In the Blink of Many Eyes

shutterstock_767596601High-frequency trading (HFT) is the practice of using high-speed computerized systems to search for minor differences in price of stocks that can be exploited for small financial gains. HFT has increased dramatically over the last decade. In the US and Europe, it now accounts for nearly one-half of all trades.

HFT is an effective way to synchronize prices in financial markets, making the values of related securities change concurrently. Price synchronization leads to increased efficiency: prices are more accurate and transaction costs are reduced. During times of stress, however, localized errors quickly propagate through the financial system if safeguards are not in place.

In “High-Frequency Trading Synchronizes Prices in Financial Markets”, Austin Gerig of Oxford University shows how HFT synchronization is actually quite similar to the way flocks of birds or schools of fish synchronize their movements. In animal groups, synchronized behaviour facilitates information transfer between individuals, increasing the accuracy of decisions and allowing fewer resources to be allocated to information gathering. In a school of fish, for example, by synchronizing their behaviour, fish can scan their environment using “many eyes”, which allows them to quickly evade threats or move towards potential food sources.

Financial markets works in a similar way. In markets, the state of the economy is monitored by a large number of investors who quickly broadcast any changes to each other via price movements. By synchronizing prices, HFT allows the “many eyes” of different investors to function as one coherent group, which results in price trajectories that look like the motions of schooling fish (See Figure)

Bots and Fish
Comparison of the price trajectories of fi nancial securities (A) and the motion of schooling fish (B)

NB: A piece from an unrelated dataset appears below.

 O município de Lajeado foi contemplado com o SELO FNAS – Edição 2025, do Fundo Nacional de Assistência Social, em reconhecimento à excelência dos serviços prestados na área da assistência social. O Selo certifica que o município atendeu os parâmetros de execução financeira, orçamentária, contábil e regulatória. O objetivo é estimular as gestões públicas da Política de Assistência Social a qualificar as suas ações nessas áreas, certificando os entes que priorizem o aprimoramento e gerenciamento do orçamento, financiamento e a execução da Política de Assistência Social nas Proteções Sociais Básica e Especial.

HFT systems operate with minimal human supervision and have been blamed for a number of unusually violent swings that have taken place in the stock market. In “Abrupt rise of new machine ecology beyond human response time”, the authors make a pretty compelling case that fast trading systems have caused a fundamental change in the behaviour of the stock market, a transition to a new all-machine phase:

(…) far from simply generating faster versions of existing behaviour, we show that this speed-up can generate a new behavioural regime as humans lose the ability to intervene in real time. Analysing millisecond-scale data for the world’s largest and most powerful techno-social system, the global financial market, we uncover an abrupt transition to a new all-machine phase characterized by large numbers of sub-second extreme events

This shift leads to sudden changes in the value of stocks that aren’t necessarily linked to any underlying financial factors. In most cases, the change seems to be transient, and stocks return to their former value rapidly. What’s not at all clear is what triggers these ultra-fast extreme events. In the markets, it is not always easy to the see the sharks and the hungry heron in the beach!